▸ INSTRUCTIONS TO FOLLOW
Please reproduce all of the listing below exactly and drop its images.

▸ DATA PROVIDED
++++++

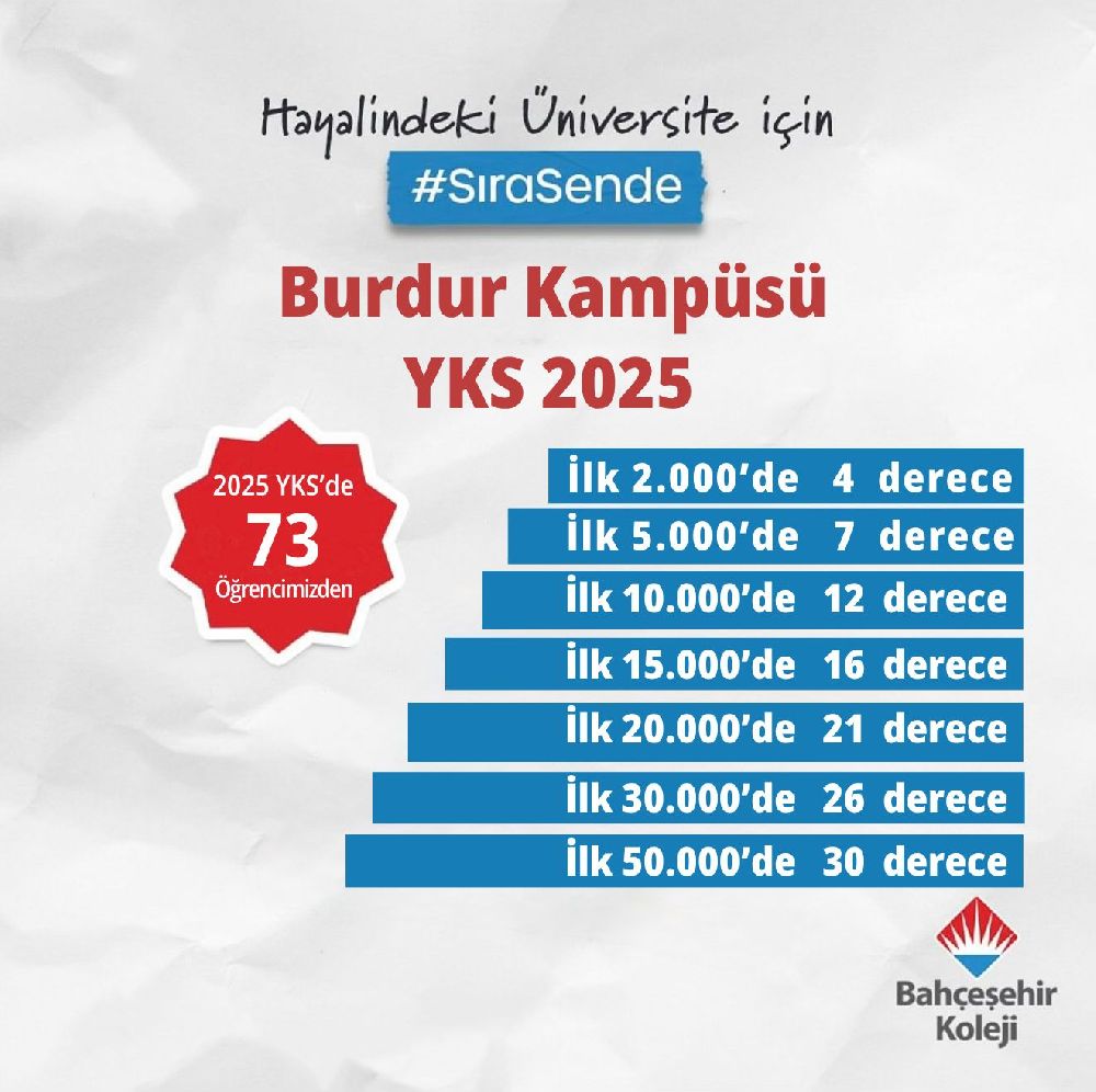 2025 Yükseköğretim Kurumları Sınavı (YKS) sonuçlarına göre Bahçeşehir Koleji Burdur Kampüsü, elde ettiği derecelerle hem Burdur’un hem de bölgenin eğitimdeki yükselen yıldızı olduğunu bir kez daha kanıtladı.
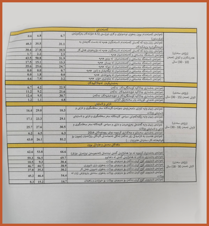 بەشێک لە ئەنجامەکانی رووپێوییەکە:
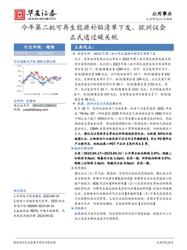 【华安证券】【20230423】今年第二批可再生能源补贴清单下发,欧洲议会正式通过碳关税-17页 行业研究
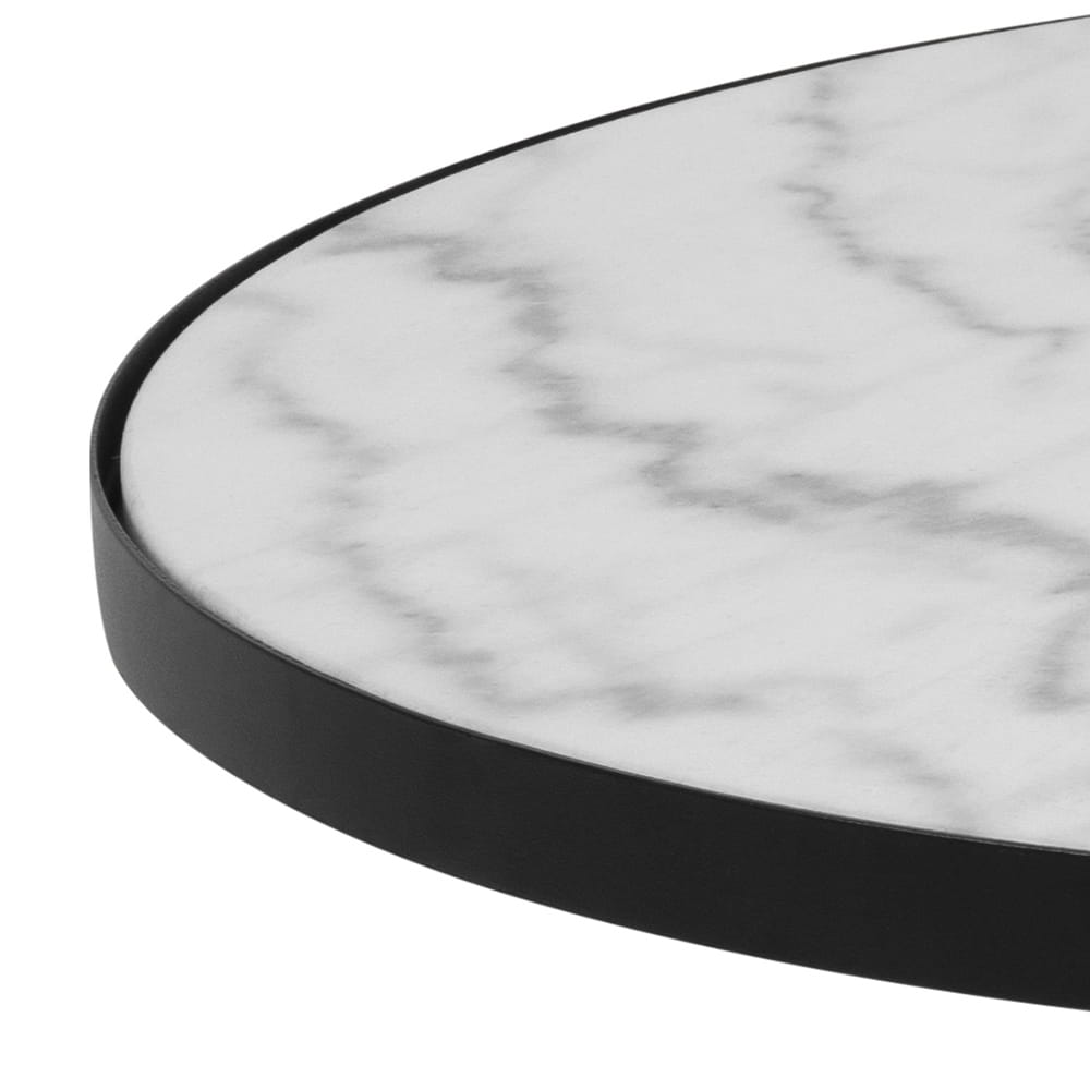 Szlachetny marmur w połączeniu z czarnym kolorem uzupełniają się wzajemnie i tworzą niezwykłą kompozycję. Idealny dla zwolenników nietuzinkowych mebli. Stolik będzie idealnym dopełnieniem modnych i eleganckich przestrzeni. Sprawdzi się zarówno w ekstrawaganckim holu hotelu czy eleganckiej restauracji. Stworzy również świetne trio w połączeniu z mniejszym oraz większym stolikiem z tej samej serii.

++++++

▸ RESPONSE TO THIS TASK
 2025 Yükseköğretim Kurumları Sınavı (YKS) sonuçlarına göre Bahçeşehir Koleji Burdur Kampüsü, elde ettiği derecelerle hem Burdur’un hem de bölgenin eğitimdeki yükselen yıldızı olduğunu bir kez daha kanıtladı.
 بەشێک لە ئەنجامەکانی رووپێوییەکە:
 【华安证券】【20230423】今年第二批可再生能源补贴清单下发,欧洲议会正式通过碳关税-17页 行业研究
 Szlachetny marmur w połączeniu z czarnym kolorem uzupełniają się wzajemnie i tworzą niezwykłą kompozycję. Idealny dla zwolenników nietuzinkowych mebli. Stolik będzie idealnym dopełnieniem modnych i eleganckich przestrzeni. Sprawdzi się zarówno w ekstrawaganckim holu hotelu czy eleganckiej restauracji. Stworzy również świetne trio w połączeniu z mniejszym oraz większym stolikiem z tej samej serii.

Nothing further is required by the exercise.